[SOURCE DATA]:

<<<<

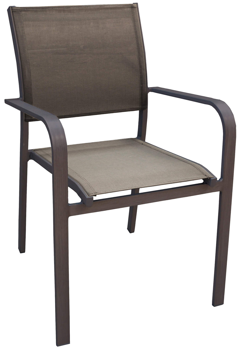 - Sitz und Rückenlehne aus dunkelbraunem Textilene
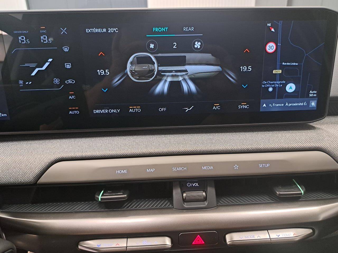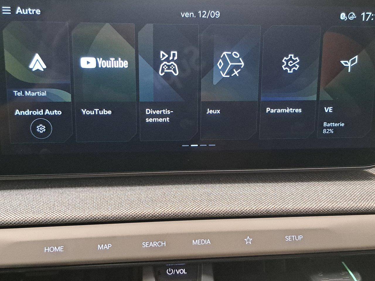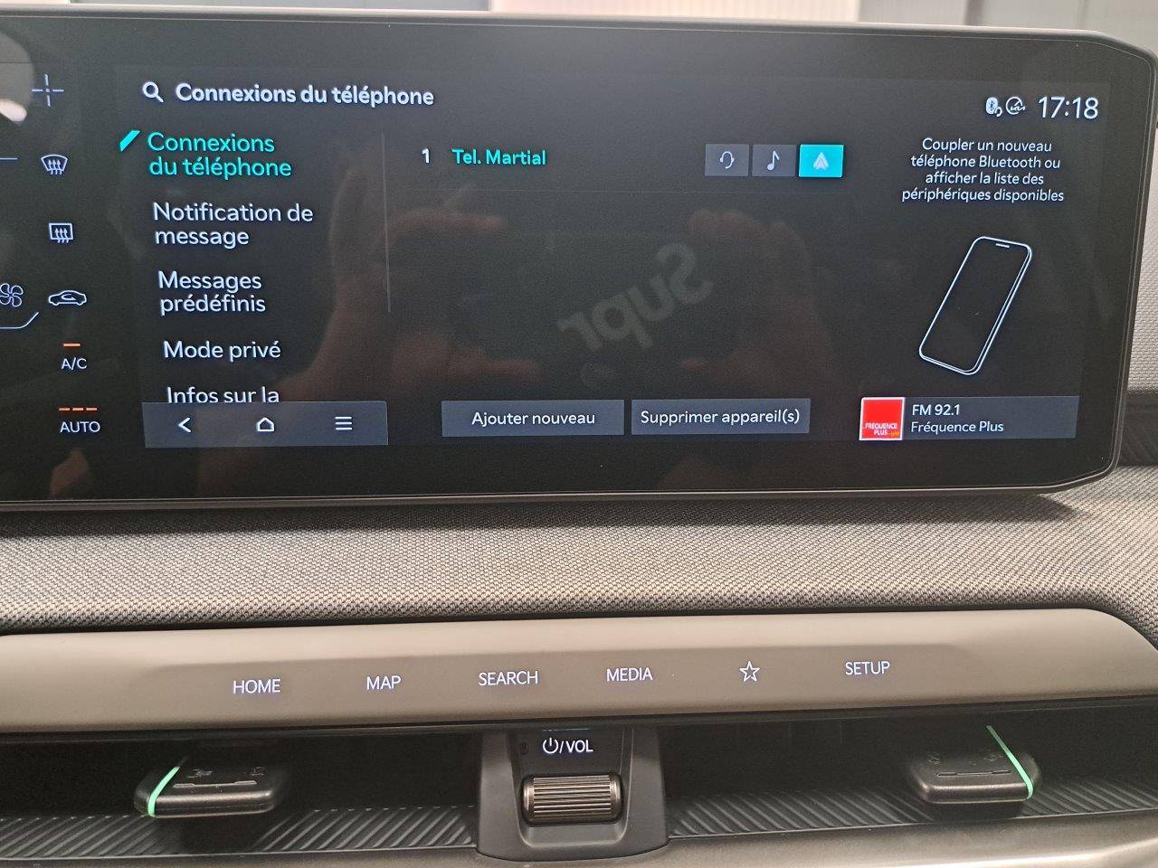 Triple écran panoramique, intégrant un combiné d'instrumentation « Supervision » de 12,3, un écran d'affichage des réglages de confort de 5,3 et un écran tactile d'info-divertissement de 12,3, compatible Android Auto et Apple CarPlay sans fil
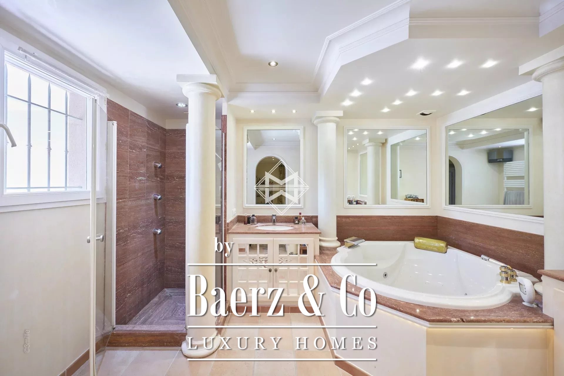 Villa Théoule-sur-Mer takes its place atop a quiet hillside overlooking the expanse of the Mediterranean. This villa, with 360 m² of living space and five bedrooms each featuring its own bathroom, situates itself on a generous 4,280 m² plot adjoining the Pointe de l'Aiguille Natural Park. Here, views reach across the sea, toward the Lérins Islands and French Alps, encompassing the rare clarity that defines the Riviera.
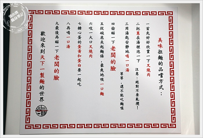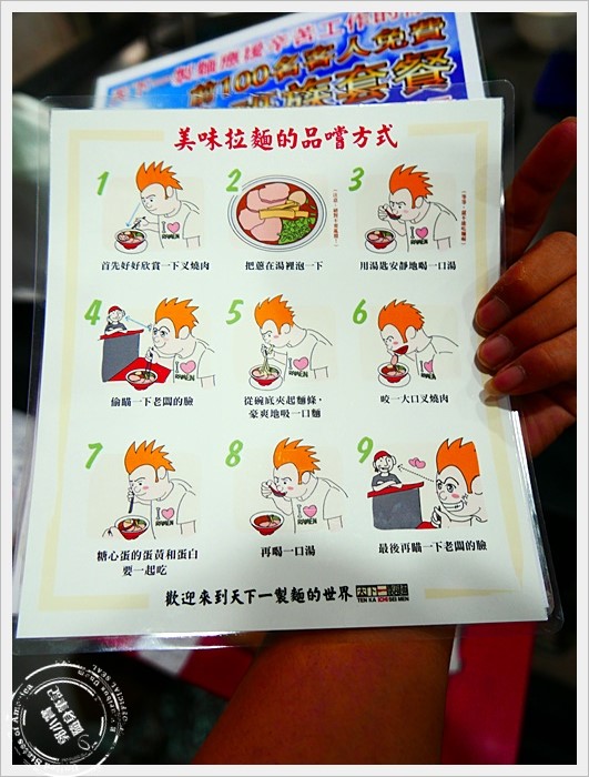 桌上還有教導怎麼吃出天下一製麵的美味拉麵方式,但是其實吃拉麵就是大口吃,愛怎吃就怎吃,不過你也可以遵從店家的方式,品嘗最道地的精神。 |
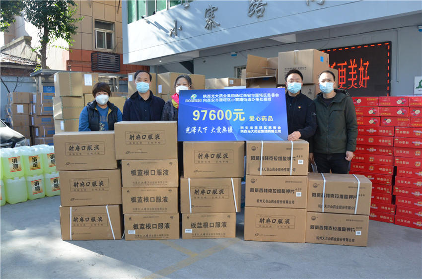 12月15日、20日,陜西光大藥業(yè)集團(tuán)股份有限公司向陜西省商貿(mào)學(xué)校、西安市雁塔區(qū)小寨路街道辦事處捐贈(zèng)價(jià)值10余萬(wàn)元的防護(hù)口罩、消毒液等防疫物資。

>>>>
<<<<

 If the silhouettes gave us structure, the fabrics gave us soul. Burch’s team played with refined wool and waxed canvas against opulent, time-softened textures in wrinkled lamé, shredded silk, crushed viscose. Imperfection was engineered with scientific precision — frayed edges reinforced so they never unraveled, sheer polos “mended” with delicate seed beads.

>>>>
<<<<

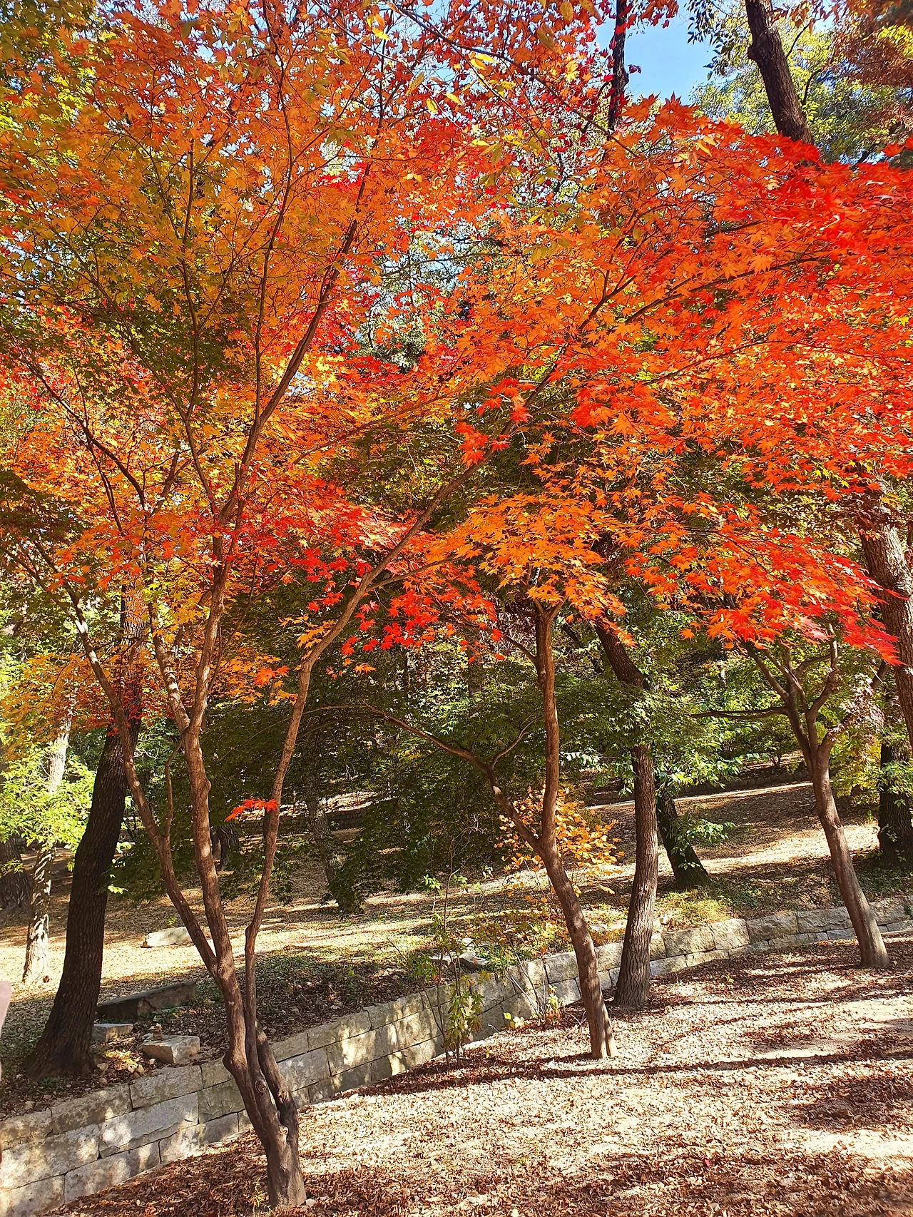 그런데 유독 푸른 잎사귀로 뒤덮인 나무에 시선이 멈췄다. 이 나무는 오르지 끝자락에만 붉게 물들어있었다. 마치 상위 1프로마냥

>>>>

From the line containing "- Sitz und Rückenlehne" through the line containing "Triple écran panoramique, intégrant", copy every line above exactly, without pictures.

 - Sitz und Rückenlehne aus dunkelbraunem Textilene
 Triple écran panoramique, intégrant un combiné d'instrumentation « Supervision » de 12,3, un écran d'affichage des réglages de confort de 5,3 et un écran tactile d'info-divertissement de 12,3, compatible Android Auto et Apple CarPlay sans fil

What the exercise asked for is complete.